- Exercise goal
Please reproduce the entries below exactly, omitting any images they contain.

- Extracted data
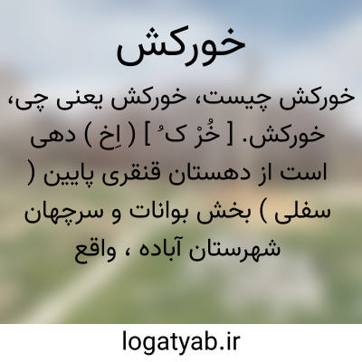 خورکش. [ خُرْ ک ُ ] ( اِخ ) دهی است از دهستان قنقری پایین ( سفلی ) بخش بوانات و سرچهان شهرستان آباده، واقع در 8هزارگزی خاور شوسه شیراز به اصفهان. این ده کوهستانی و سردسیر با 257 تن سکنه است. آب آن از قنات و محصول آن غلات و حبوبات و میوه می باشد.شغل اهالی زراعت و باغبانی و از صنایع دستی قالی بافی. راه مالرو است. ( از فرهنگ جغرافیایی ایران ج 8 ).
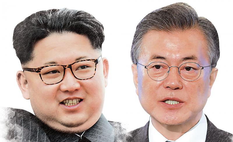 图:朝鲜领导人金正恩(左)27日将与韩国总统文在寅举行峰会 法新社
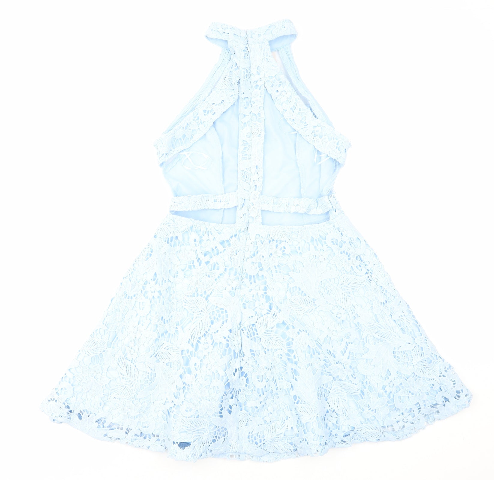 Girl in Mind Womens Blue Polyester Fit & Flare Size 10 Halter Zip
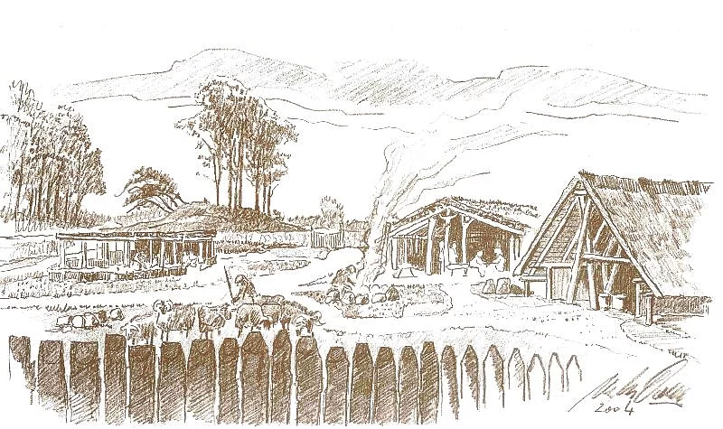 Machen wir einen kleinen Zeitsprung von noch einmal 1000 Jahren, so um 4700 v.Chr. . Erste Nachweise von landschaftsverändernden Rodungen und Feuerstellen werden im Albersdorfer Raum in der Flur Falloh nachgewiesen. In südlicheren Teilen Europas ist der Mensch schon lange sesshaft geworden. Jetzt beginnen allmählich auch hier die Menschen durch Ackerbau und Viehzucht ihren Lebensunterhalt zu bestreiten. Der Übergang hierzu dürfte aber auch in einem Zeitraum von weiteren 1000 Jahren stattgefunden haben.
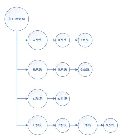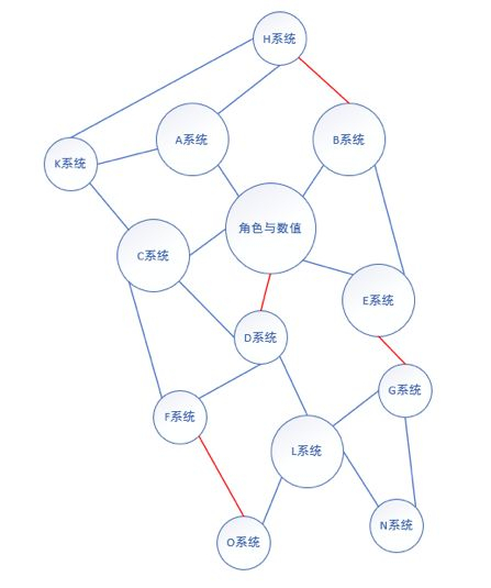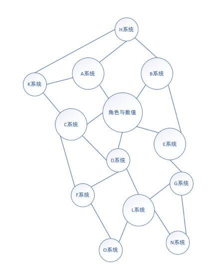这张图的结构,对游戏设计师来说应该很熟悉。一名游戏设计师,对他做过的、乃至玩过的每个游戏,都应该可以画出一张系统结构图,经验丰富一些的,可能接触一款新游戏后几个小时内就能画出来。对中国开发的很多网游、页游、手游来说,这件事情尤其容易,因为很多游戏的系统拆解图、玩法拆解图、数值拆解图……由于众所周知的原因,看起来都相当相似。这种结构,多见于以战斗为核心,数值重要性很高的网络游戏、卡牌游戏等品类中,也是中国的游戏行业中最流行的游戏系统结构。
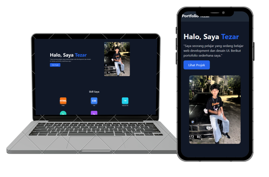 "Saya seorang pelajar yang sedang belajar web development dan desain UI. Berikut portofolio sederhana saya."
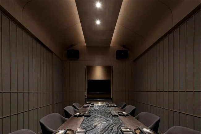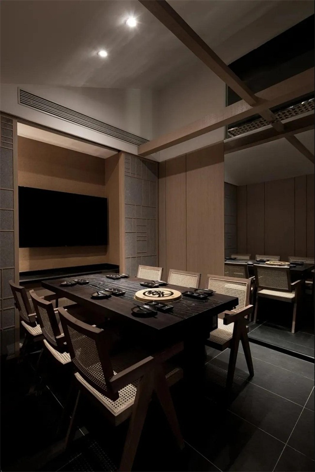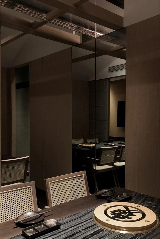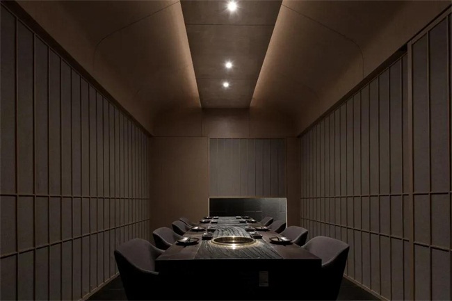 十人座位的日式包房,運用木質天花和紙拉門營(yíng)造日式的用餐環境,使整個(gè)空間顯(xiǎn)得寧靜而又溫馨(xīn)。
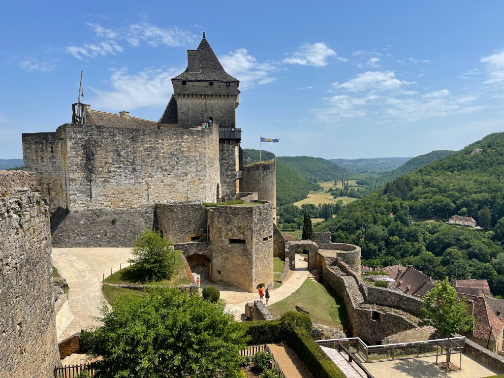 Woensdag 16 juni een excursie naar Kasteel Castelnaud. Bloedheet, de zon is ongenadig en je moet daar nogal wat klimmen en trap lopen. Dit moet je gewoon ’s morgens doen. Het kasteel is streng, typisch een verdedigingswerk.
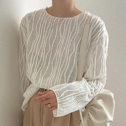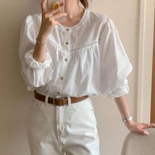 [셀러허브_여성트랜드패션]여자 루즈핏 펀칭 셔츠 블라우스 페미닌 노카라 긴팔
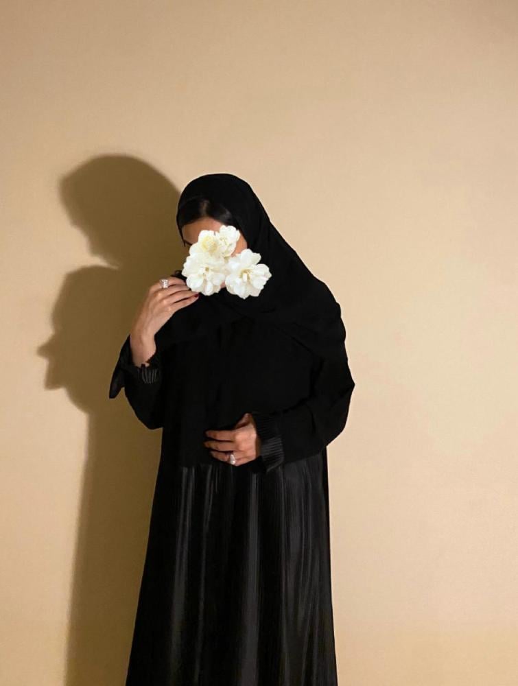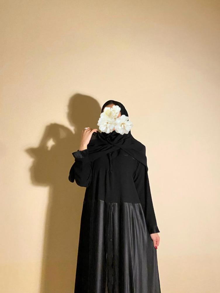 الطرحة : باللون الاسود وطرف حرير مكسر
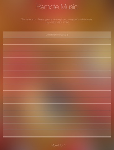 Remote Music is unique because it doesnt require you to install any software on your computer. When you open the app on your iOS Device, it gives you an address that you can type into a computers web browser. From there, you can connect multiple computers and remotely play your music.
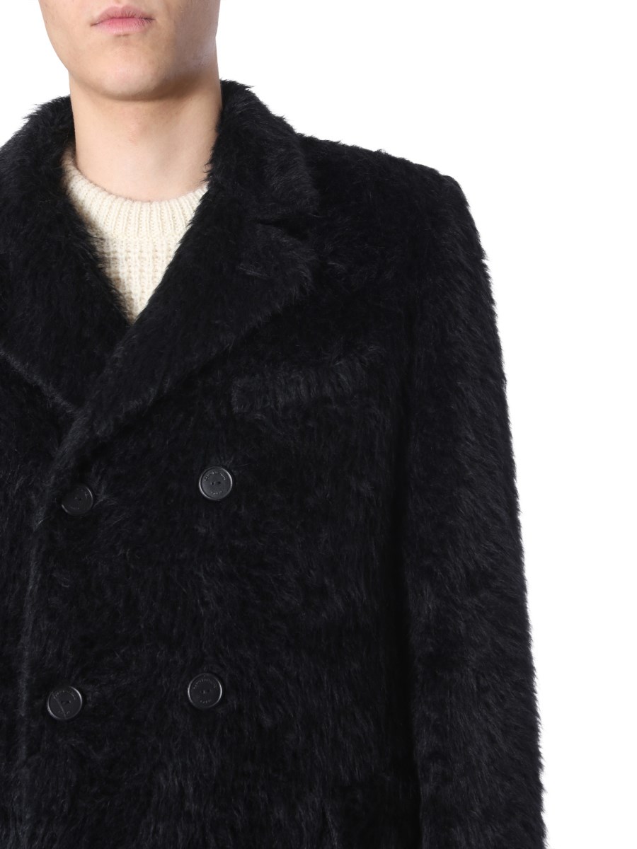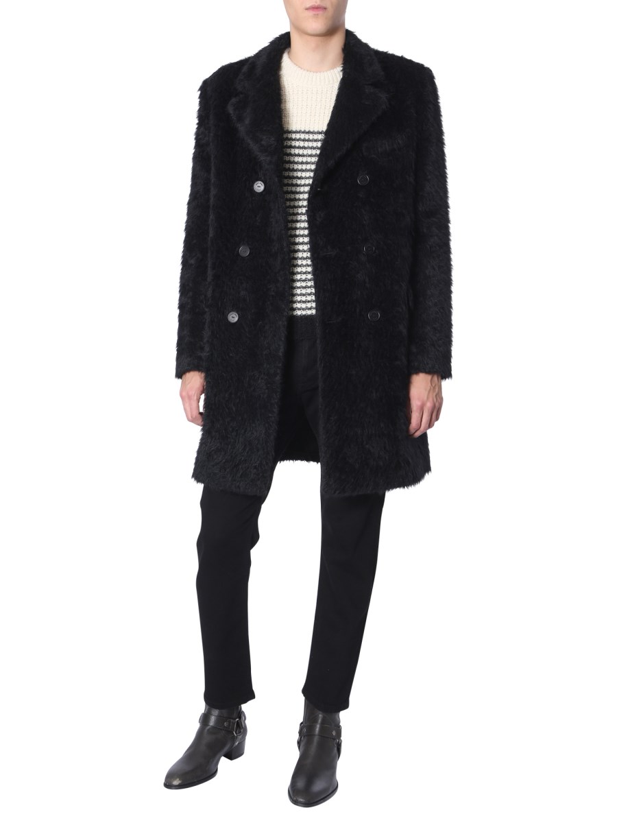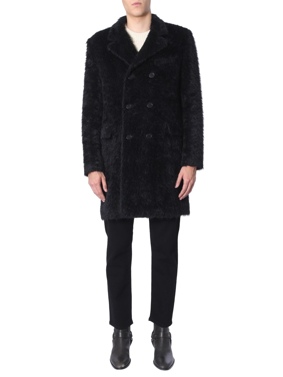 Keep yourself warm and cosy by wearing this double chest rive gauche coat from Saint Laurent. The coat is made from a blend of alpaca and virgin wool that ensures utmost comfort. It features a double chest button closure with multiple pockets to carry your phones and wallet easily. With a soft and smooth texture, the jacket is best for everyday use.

- Response to the exercise
 خورکش. [ خُرْ ک ُ ] ( اِخ ) دهی است از دهستان قنقری پایین ( سفلی ) بخش بوانات و سرچهان شهرستان آباده، واقع در 8هزارگزی خاور شوسه شیراز به اصفهان. این ده کوهستانی و سردسیر با 257 تن سکنه است. آب آن از قنات و محصول آن غلات و حبوبات و میوه می باشد.شغل اهالی زراعت و باغبانی و از صنایع دستی قالی بافی. راه مالرو است. ( از فرهنگ جغرافیایی ایران ج 8 ).
 图:朝鲜领导人金正恩(左)27日将与韩国总统文在寅举行峰会 法新社
 Girl in Mind Womens Blue Polyester Fit & Flare Size 10 Halter Zip
 Machen wir einen kleinen Zeitsprung von noch einmal 1000 Jahren, so um 4700 v.Chr. . Erste Nachweise von landschaftsverändernden Rodungen und Feuerstellen werden im Albersdorfer Raum in der Flur Falloh nachgewiesen. In südlicheren Teilen Europas ist der Mensch schon lange sesshaft geworden. Jetzt beginnen allmählich auch hier die Menschen durch Ackerbau und Viehzucht ihren Lebensunterhalt zu bestreiten. Der Übergang hierzu dürfte aber auch in einem Zeitraum von weiteren 1000 Jahren stattgefunden haben.
这张图的结构,对游戏设计师来说应该很熟悉。一名游戏设计师,对他做过的、乃至玩过的每个游戏,都应该可以画出一张系统结构图,经验丰富一些的,可能接触一款新游戏后几个小时内就能画出来。对中国开发的很多网游、页游、手游来说,这件事情尤其容易,因为很多游戏的系统拆解图、玩法拆解图、数值拆解图……由于众所周知的原因,看起来都相当相似。这种结构,多见于以战斗为核心,数值重要性很高的网络游戏、卡牌游戏等品类中,也是中国的游戏行业中最流行的游戏系统结构。
 "Saya seorang pelajar yang sedang belajar web development dan desain UI. Berikut portofolio sederhana saya."
 十人座位的日式包房,運用木質天花和紙拉門營(yíng)造日式的用餐環境,使整個(gè)空間顯(xiǎn)得寧靜而又溫馨(xīn)。
 Woensdag 16 juni een excursie naar Kasteel Castelnaud. Bloedheet, de zon is ongenadig en je moet daar nogal wat klimmen en trap lopen. Dit moet je gewoon ’s morgens doen. Het kasteel is streng, typisch een verdedigingswerk.
 [셀러허브_여성트랜드패션]여자 루즈핏 펀칭 셔츠 블라우스 페미닌 노카라 긴팔
 الطرحة : باللون الاسود وطرف حرير مكسر
 Remote Music is unique because it doesnt require you to install any software on your computer. When you open the app on your iOS Device, it gives you an address that you can type into a computers web browser. From there, you can connect multiple computers and remotely play your music.
 Keep yourself warm and cosy by wearing this double chest rive gauche coat from Saint Laurent. The coat is made from a blend of alpaca and virgin wool that ensures utmost comfort. It features a double chest button closure with multiple pockets to carry your phones and wallet easily. With a soft and smooth texture, the jacket is best for everyday use.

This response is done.